Books Free Download India After Gandhi: The History of the World's Largest Democracy Online

Books Free Download India After Gandhi: The History of the World's Largest Democracy  Online
India After Gandhi: The History of the World's Largest Democracy Hardcover | Pages: 912 pages
Rating: 4.37 | 13734 Users | 1111 Reviews

Details Out Of Books India After Gandhi: The History of the World's Largest Democracy

Title:India After Gandhi: The History of the World's Largest Democracy
Author:Ramachandra Guha
Book Format:Hardcover
Book Edition:First Edition
Pages:Pages: 912 pages
Published:July 24th 2007 by Ecco (first published April 20th 2007)
Categories:History. Cultural. India. Nonfiction. Politics

Chronicle Concering Books India After Gandhi: The History of the World's Largest Democracy

A magisterial account of the pains, the struggles, the humiliations, and the glories of the world's largest and least likely democracy, Ramachandra Guha's India After Gandhi is a breathtaking chronicle of the brutal conflicts that have rocked a giant nation and the extraordinary factors that have held it together. An intricately researched and elegantly written epic history peopled with larger-than-life characters, it is the work of a major scholar at the peak of his abilities...

Be Specific About Books In Pursuance Of India After Gandhi: The History of the World's Largest Democracy

Original Title: India After Gandhi: The History of the World's Largest Democracy
ISBN: 0060198818 (ISBN13: 9780060198817)
Edition Language: English
Literary Awards: Kiriyama Prize Nominee for Nonfiction (2008), Cundill History Prize Nominee (2008)

Rating Out Of Books India After Gandhi: The History of the World's Largest Democracy
Ratings: 4.37 From 13734 Users | 1111 Reviews

Comment On Out Of Books India After Gandhi: The History of the World's Largest Democracy
Warning: this is going to be a long read.Such an immersive thriller-like and all-encompassing narrative of the Indian history! Given this is the history of the worlds largest democracy, with a rich diversity of region, culture, religion etc, the book is surprisingly compact, at 900 pages. Oh, but 100 of those are notes and references, so its even more compact at 800 pages.The book reminds the reader - how gigantic Nehrus stature really was. His political strength allowed him to get through

Never has history been told in such colour and with such emotion. Rightly deserves to be called Guha's masterpiece. A book that takes you through the fight of a young nation against the veritable elements threatening secularism, its dangerous but nevertheless great gamble with democracy, its idealist argument against the more realist one for alignment, its parenthood falling from that of great men of integrity to mortals with vanity, and the rise of populism on the price of constitutional

As I set to type this review, I also seriously consider not doing so, on account of my naivete. In all fairness, I am new to this genre and this book had been lying around for more than a year in my shelf, till I started reading it after I had finished some 100 odd pages in a friend's copy.I have not read any other book that was so dense as this and yet so well-paced.
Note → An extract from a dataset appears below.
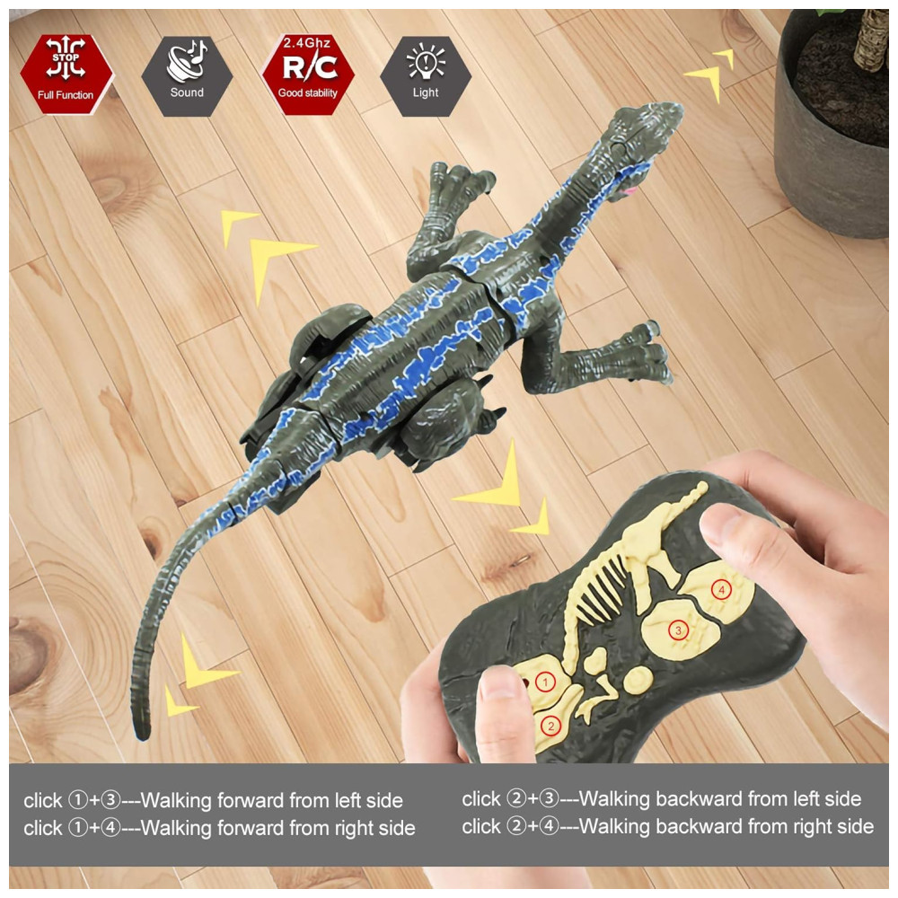 Este brinquedo de dinossauro RC é uma excelente opção para crianças que adoram dinossauros. Com 1 + 7 peças, ele é capaz de andar com flexibilidade interna e externa e reproduzir sons simulados, proporcionando uma experiência realista de Jurassic Journey. Além disso, o controle remoto permite que as crianças controlem o dinossauro para que ele realize funções de frente, para trás, esquerda e direita. O corpo e a cauda podem ser balançados de forma flexível, o que torna a brincadeira ainda mais divertida.

The amount of information in each page is staggering. The only book I know that has more footnotes than this is, perhaps, the

An excellent, thorough history of modern India, post-independence.The first half, covering the decades under PM Nehru and the drafting of the Indian Constitution, is really inspiring. Nehru was an idealist who believed in social change; he worked with B.R. Ambedkar, an Untouchable who was the primary draftsman of the constitution, to keep India as a secular state and to overturn the caste system. Nehru also worked to protect minority groups such as women and Muslims, to create an economic and

"If you do not know where you come from, then you don't know where you are, and if you don't know where you are, then you don't know where you're going. And if you don't know where you're going, you're probably going wrong. Terry Pratchett"India is world's largest but least likely democracy. But how it still survives?To me, Indian history always meant what happened till 1947 (year of Independence) or perhaps my knowledge expands one little year further till Gandhiji's death. I was kept in the

For us Indians, the history usually end with the Independence Day i.e. Aug 15, '47 or more specifically when Mahatma Gandhi died on Oct 30, '48. But what about the events after that, that rocked us and shaped our destiny, of what and who we are today. The greatest experiment in democracy deserve an equal credit to share its story of ups and downs and what it has become as of today.India After Gandhi is the book that bridges this gap by providing a first rate account of the various people that

Lest we begin taking the existence of India for granted. In this book, Ramachandra Guha takes on the difficult job of instilling a reasonable degree of patriotism in your average armchair skeptic without resorting to India-Pakistan jingoism or sanctimoniously reminding us of our glorious ancient history. He succeeds magnificently by furnishing an insightful post-independence (albeit Nehruvian) narrative history of India that sheds light on the unprecedented miracle that is the Indian

0 Comments:

Note: Only a member of this blog may post a comment.